Rassie Everton Wicker was born March 6, 1892 near Cameron and died October 16, 1972. He spent most of his life in Moore County.
Writer and Engineer
He attended school at Cameron and later secured admission to the Agricultural & Mechanical College in Raleigh, now N.C. State University through comprehensive examination and graduated in 1919 with a degree in civil engineering. He later became a certified civil engineer under the "grandfather clause", and served as engineer for Pinehurst, Inc. until his retirement.
Rassie Wicker was mostly self-taught, beginning with teaching himself to read from the Sears & Roebuck catalog. He was a true scholar, with an insatiable thirst for knowledge. He seemingy recorded to memory all that he read and learned, for he could answer most any question put to him.
His interest and abilities were many and varied. He was a master craftsman who produced many beautiful pieces of furniture. He was a mechanical and architectural engineer as well as a civil one; a student of math and science, music, astronomy, horticulture and botany. His interests even extended to the art of weaving, resulting in his building a four-harness loom on which he wove a coverlet of ancient design. Bee-keeping and orchid-raising were among his many hobbies.
But, he was perhaps best known as a writer and historian. He supplied much of the information used by Blackwell Robinson in his, A History of Moore County, 1747-1847; and then, in 1969, he typed his own, Miscellaneous Ancient Records of Moore County, NC, a 570-page (legal size) book, now in its third printing.
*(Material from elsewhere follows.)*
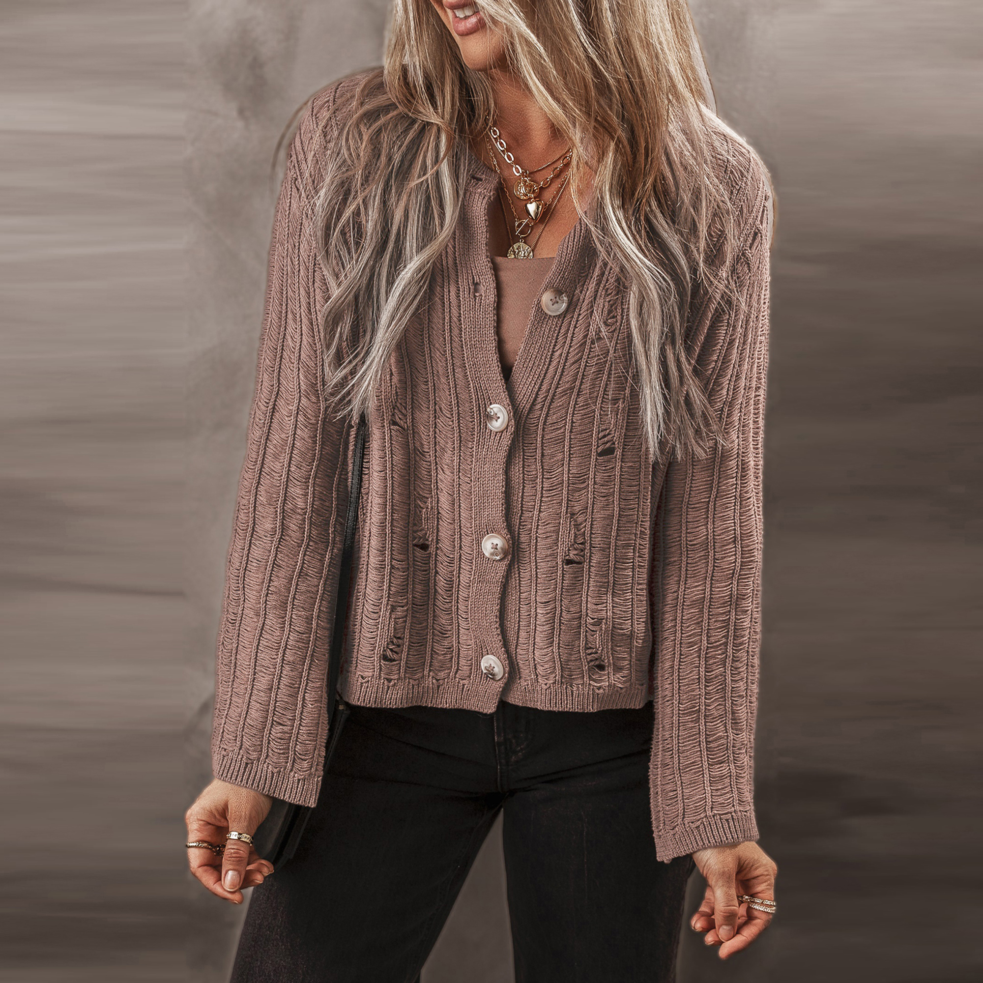 Effortlessly cool and endlessly versatile, the Mocha Drift Knit Cardigan is your go-to layering piece this season. Crafted with an airy open-stitch design, this cardigan blends cozy comfort with a touch of edge. The relaxed silhouette, oversized buttons, and slightly distressed texture give it a laid-back vibe that pairs just as easily with jeans and boots as it does over a dress. Perfect for coffee dates, weekend strolls, or casual office looks, this neutral mocha shade complements any wardrobe palette.

He was also recognized as being instrumental in locating (in 1953) the American homesite of the Scottish heroine, Flora MacDonald, on Cheek’s Creek in Anson (now Montgomery) County.
For his contribution to the preservation of Moore County history, he was awarded the Kiwanis, "Builders Cup", in 1971, and is to be included in William Powell’s, Dictionary of North Carolina Biography..
Rassie Wicker was an honest, gentle, soft-spoken man, who met everyone on the same level, whether rich or poor, black or white, and he had many friends of varied backgrounds and conditions. He was a great story-teller, possessed of the dry wit for which many Wickers have been known.